The Ranch star is reportedly worth $200 million while his wife’s net worth averages $55 million. Outside of acting, Kutcher makes money as a venture capitalist and product engineer. The two have more than enough money for themselves and plenty they could leave their kids, but they’re choosing not to. What gives?
Kutcher doesn’t want his kids to grow up spoiled
Kutcher revealed to fellow actor and friend Dax Sheppard his plans with his finances. “I’m not setting up a trust for them,” he revealed. “We’ll end up giving our money away to charity and to various things.” He explained that while they want to provide a good life for daughter Wyatt and son Dimitri, they plan to leave their money to people in need.

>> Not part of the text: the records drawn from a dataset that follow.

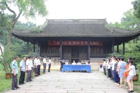 6月21日下午,兰亭景区组织抗洪防涝应急处理实战演练,景区全体职工、经营人员参加,集团公司副总经理戚乐安和职能部室企管部莅临指导。这是自景区开放以来的第一次抗洪防涝实战演习。
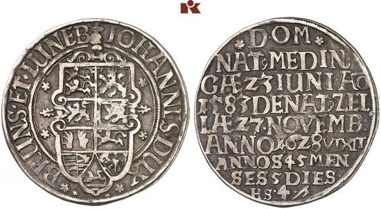 "BRAUNSCHWEIG UND LÜNEBURG, BRAUNSCHWEIG-LÜNEBURG, FÜRSTENTUM, Christian, Bischof von Minden, 1611-1633. 1/4 Reichstaler 1628, Clausthal, auf den Tod seines Bruders Johann am 27. November. Von großer Seltenheit. Attraktives Exemplar mit hübscher Patina, sehr schön. Aus der Sammlung eines Ingenieurs. Exemplar der Slg. Dr. Werner Koch, Teil 1, Auktion Dr. Busso Peus Nachf. 273, Frankfurt/Main 1970, Nr. 549 und der Auktion LHS Numismatik 100, Zürich 2007, Nr. 831. (Germany, duchy of Brunswick-Luneburg-Celle, Christian, bishop of Minden, 1611-33, quarter thaler of 1628, Clausthal mint, on the death of his brother John on November 27. Extremely rare, attractive example with handsome patina, very fine.)"
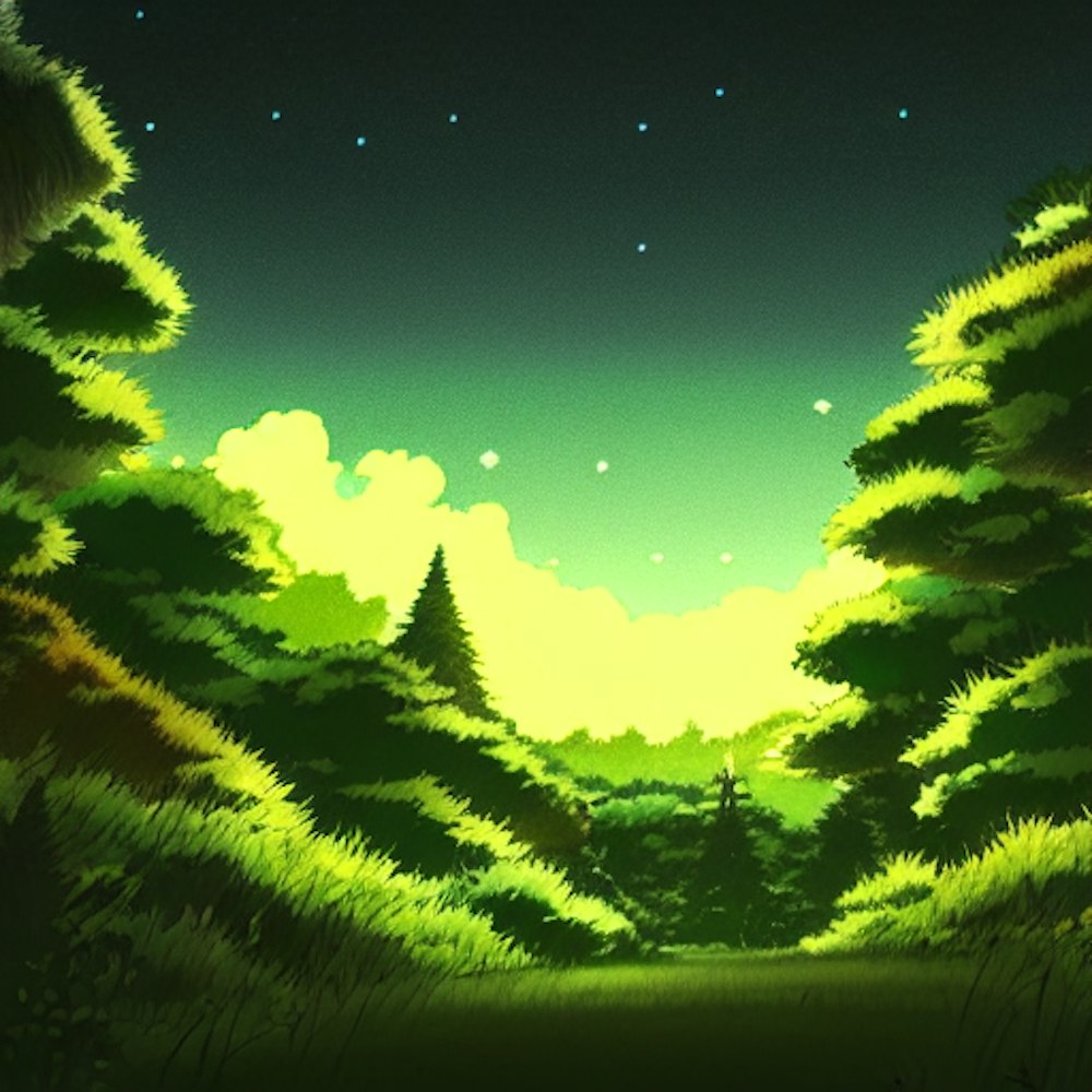 studio ghibli style, lofi, night sky, forest, no people

Kutcher explained that his kids are already “living a really privileged life and they don’t even know it.” He and Kunis plan to offer financial support if one of their children come to them with a business plan or passion project they need funding for.

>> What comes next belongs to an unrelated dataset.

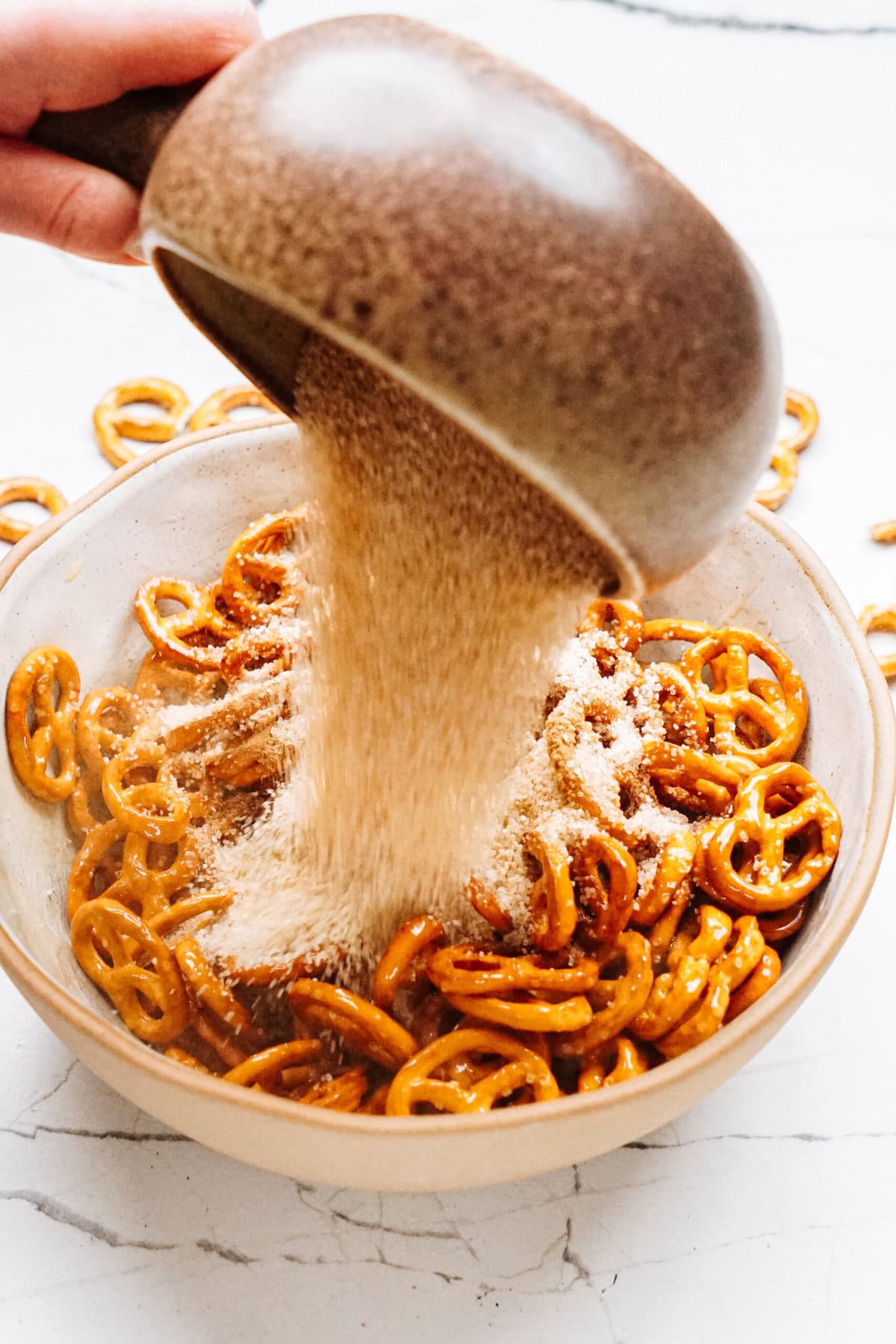 - In a small bowl, stir sugar and cinnamon together then toss with buttered pretzels.

“If my kids want to start a business, and they have a good business plan, I’ll invest in it. But they’re not getting trusts,” he said. Kunis agreed, explaining to Entertainment Tonight their biggest concern about spoiling children. “Yeah, we’re not gonna raise a–holes. There’s enough a–holes in this world! We don’t need to contribute,” she said.
The couple still wants to give them a great life
Just because they don’t plan to leave their kids with trust funds, doesn’t mean they aren’t raising them in the ranks of the rest of Hollywood’s elite children. Kutcher made headlines for ordering a $1,100 “robo-crib” that rocks his 1-year-old to sleep and allows Kutcher and Kunis to get some shut-eye as well.
“For kid number two we got one of those Snoos [Smart Sleepers],” Kutcher told Shepard on his podcast. “It’s an oscillating bed… it has a sensor in it so the louder the kid cries, the faster it goes and puts the kid back to sleep, it’s incredible.”
They aren’t alone with this parenting technique
Plenty of other wealthy and successful parents adopt the same attitude as Kutcher and Kunis. Billionaires like Mark Zuckerberg and Priscilla Chen and Warren Buffett all plan to leave most of their fortune to charities rather than their children.
Buffett told Fortune in 1986 that he plans to leave his children “enough money so that they would feel they could do anything, but not so much that they could do nothing.” He reportedly will leave each of his kids $2 billion, rather than most of his nearly $55 billion estate.